DYANNA TAYLOR, CINEMATOGRAPHER

Dyanna Taylor’s cinematographic work is long and distinguished. She won the Peabody Award for the film Winter Dreams, a biography of F. Scott Fitzgerald, and won the MUSE award from New York Women in Film and Television recognizing her cinematography. Her other credits include 500 Nations, Homeland: Four Portraits of Native Action, the Academy Award winning Common Threads: Stories from the Quilt, and Agnes Martin: With My Back to the World, as well as dramatic and non-fiction films shot both nationally and internationally. Dyanna directed Vanished, an evocative film on the life, work, and disappearance of the young American author Everett Ruess. In addition, she co-produced and directed Annapurna: A Woman’s Place for ABC.

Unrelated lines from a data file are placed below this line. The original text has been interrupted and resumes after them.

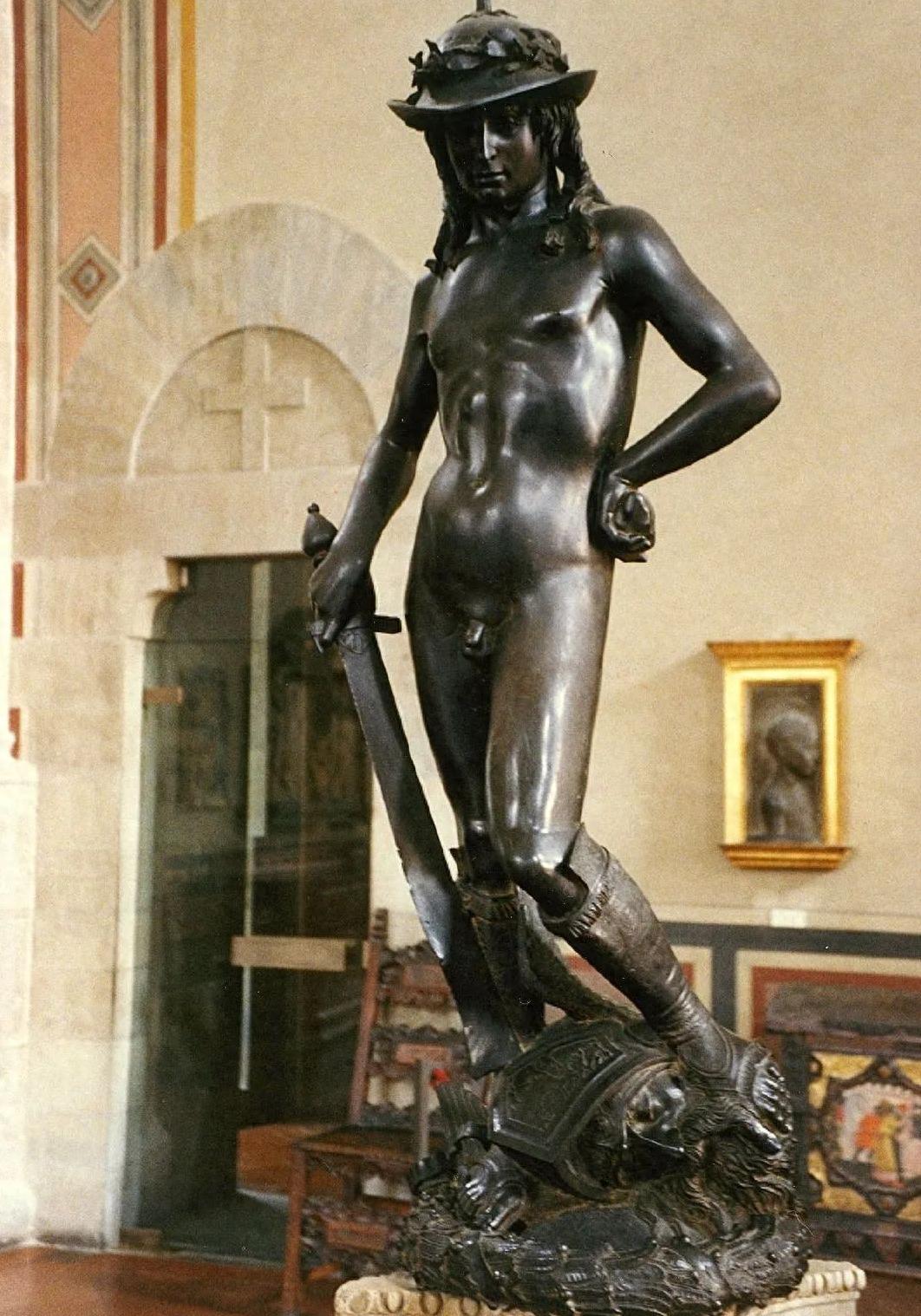 多纳泰罗借助人体解剖学知识,塑造出这个少年英雄的形象,他那自然流露出的胜利感,仿佛在说,“战斗不过如此,轻松一击便胜利。
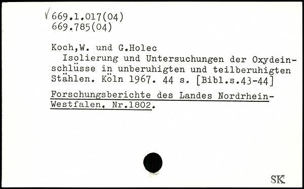 Isolierung und Untersuchungen der Oxydeinschlüsse in unberuhigten und teilberuhigten Stählen.
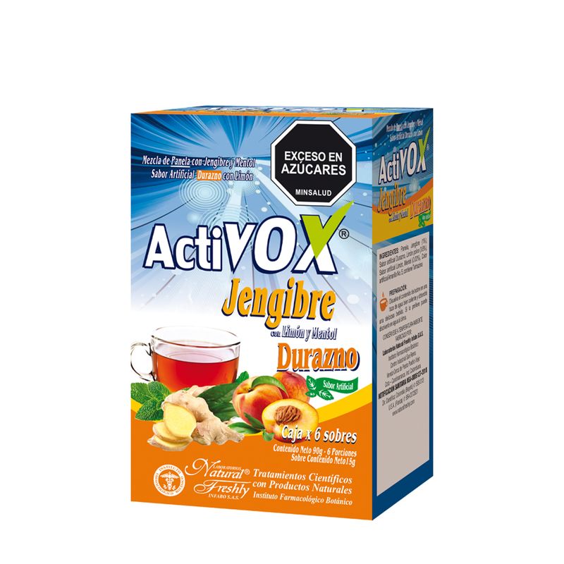 Activox Jengibre Durazno, caja con 6 sobres, ideal para disfrutar de una bebida refrescante.
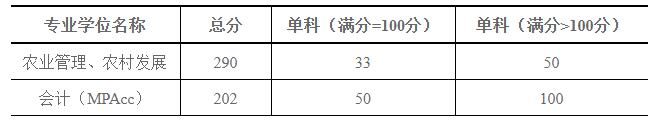 (2)農業管理、農村發展及會計(MPAcc)復試資格線為:
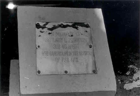 This memorial at the entrance of the TOC was dedicated to SGT Larry Techmeir who lost his life during a
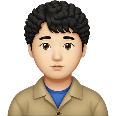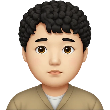 a Korean man in 20s with a curly hair and bangs, chubby cheeks, big monolid eyes , dark eyebrow, emoji
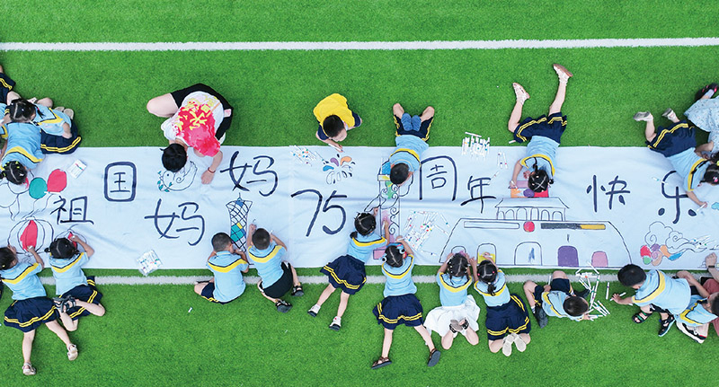 图为2024年9月26日,四川省遂宁市大英县天星幼儿园的孩子们在老师的带领下绘画(无人机照片)。 新华社发 刘昌松/摄
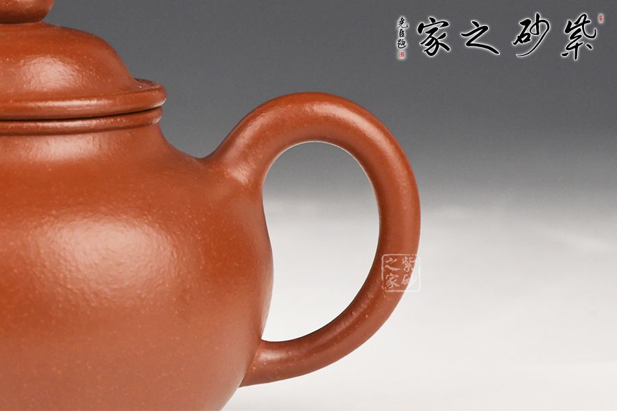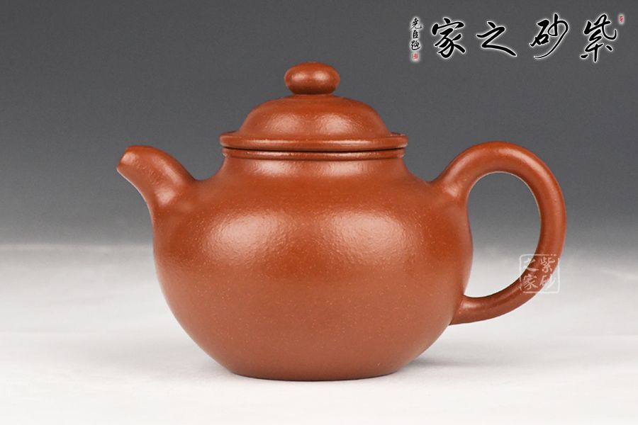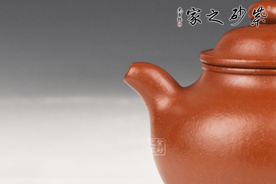 特点:质感绵密、紧实细緻,持之扎实沉重、红润豔丽,泥中极品,无以伦比;泥胚含少许原矿颗粒,冲淋热水后色变极大,呈红中带紫,养壶易现“包浆”之美。
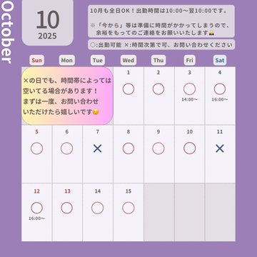 ❌の日でお伺い可能な時間についてはお問い合わせください☺️
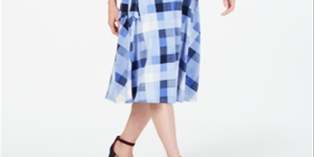 Charter Club Women's Plaid MIDI Dress Blue Size Small
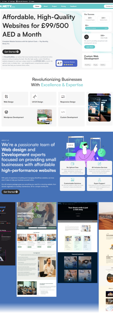 At NinetyNineWebs, we believe that every business deserves a professional online presence without breaking the bank. We offer high-quality, custom WordPress websites designed to meet your unique needs for only £99/500 AED a month. No upfront costs, no hidden fees – just straightforward, comprehensive website services that help your business shine online.
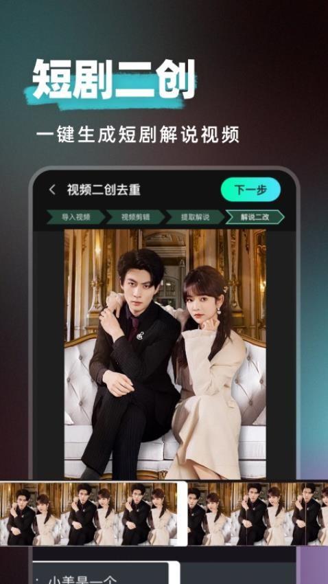 1、支持短剧二创去重与解说视频生成,一键完成二次创作剪辑,快速产出符合平台规则的原创解说内容。
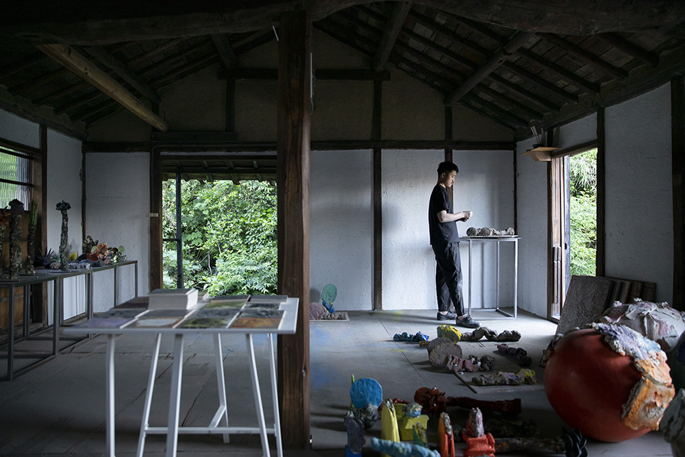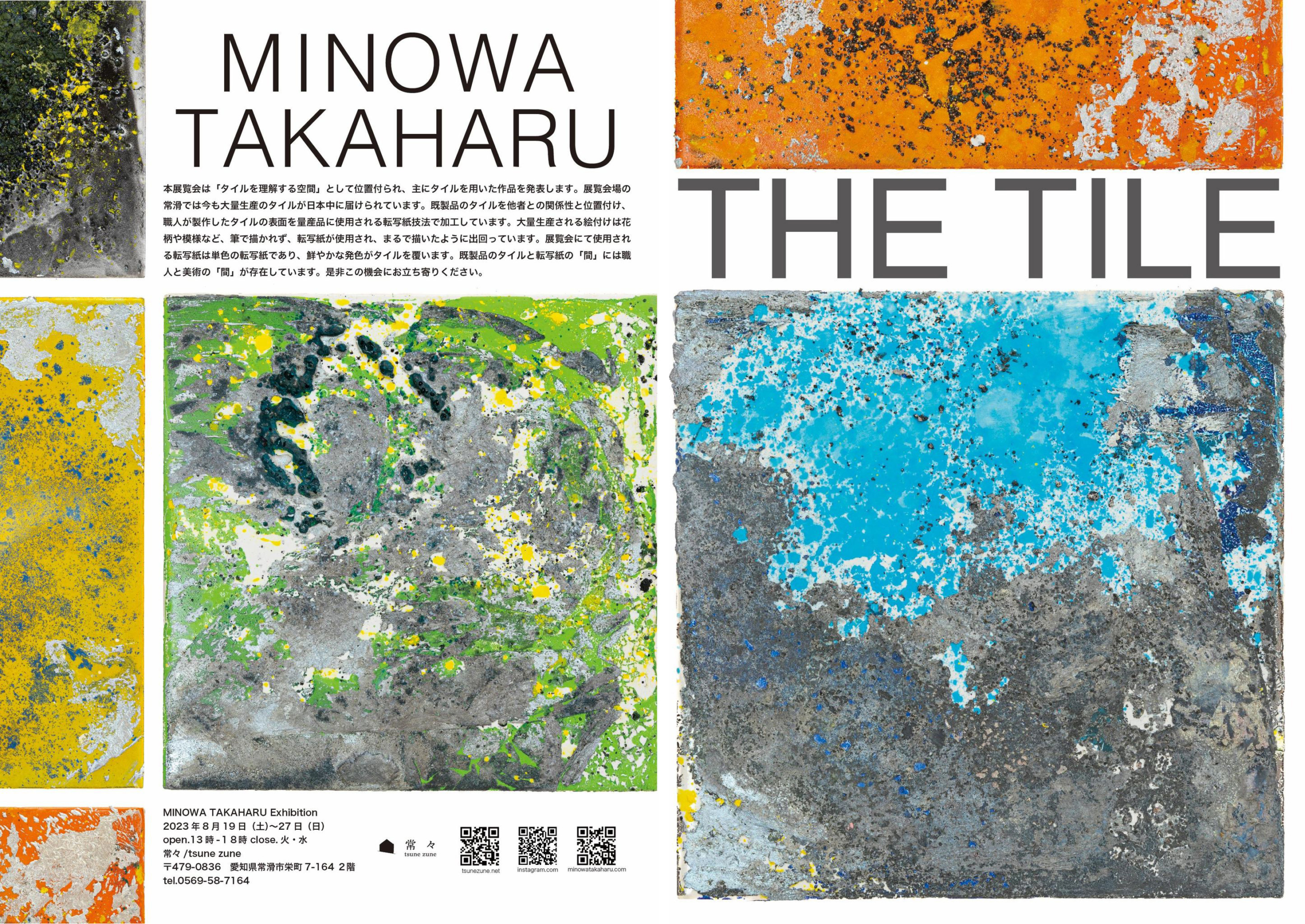 本展覧会は「タイルを理解する空間」として位置付られ、主にタイルを用いた作品を発表します。展覧会場の常滑では今も大量生産のタイルが日本中に届けられています。既製品のタイルを他者との関係性と位置付け、職人が製作したタイルの表面を量産品に使用される転写紙技法で加工しています。大量生産される絵付けは花柄や模様など、筆で描かれず、転写紙が使用され、まるで描いたように出回っています。展覧会にて使用される転写紙は単色の転写紙であり、鮮やかな発色がタイルを覆います。既製品のタイルと転写紙の「間」には職人と美術の「間」が存在しています。是非この機会にお立ち寄りください。

SOPHIE SARTAIN, WRITER/CO-PRODUCER

Blessed Is the Match is Sophie Sartain’s first feature documentary script. Her past positions include executive director of editorial services for MGM Home Entertainment and managing editor of Sony Online Entertainment, where she oversaw a staff of 17 writers, editors and researchers. In 2004, she co-created and co-executive produced the VH1 two-hour special, Fortune Files. As a freelance writer, her clients have included 20th Century Fox Home Entertainment, Sony Pictures Home Entertainment, New Line Home Entertainment and ABC Radio Networks. Sartain has collaborated with Roberta Grossman on several film and media projects, including The Rich in America: 150 Years of Town & Country Magazine (A&E) and 500 Nations (CBS).

BLAKE WEST, EDITOR

Blake West’s editing experience includes documentaries, trailers, music videos, television shows, short films, as well as feature films. He has worked with networks and studios such as HBO, Showtime, Cinemax, VH1, MTV, AMC, IFC, Bravo, Channel 5 (UK), Channel 4 (UK) and Dimension Films. Some of his credits include Hell Ride (Dimension Films, 2007), Debating the Enigma of Hitler’s Sexuality (HBO, 2004), Women on Top: Hollywood & Power (AMC, IFC, WE, 2003) and The Cell (National TV ad campaign, 30-second spot). He was the senior editor on the five-hour special From the Waist Down: Men, Women & Music (VH1, 2001). His editing project, Homeland: Four Portraits of Native Action, took home two awards at the 2005 Santa Barbara International Film Festival.

TODD BOEKELHEIDE, COMPOSER

Todd Boekelheide started working in film in 1974 at American Zoetrope, Francis Ford Coppola’s production company in San Francisco. In 1976 he worked as an assistant editor on Star Wars, and went on to edit picture and sound on The Black Stallion. This film kindled an interest in film music, so he began music studies at Mills College. As he began to develop his film-scoring career, he also specialized as a rerecording mixer, and won an Oscar for mixing the music on Amadeus. He has scored several feature films, including Dim Sum and Nina Takes a Lover, and documentaries, notably Hearts of Darkness: A Filmmaker’s Apocalypse. In 1999 he won an Emmy for his score for the documentary Kids of Survival: The Life and Art of Tim Rollins and the KOS. Up-to-date credits information can be found at www.tobomusic.com.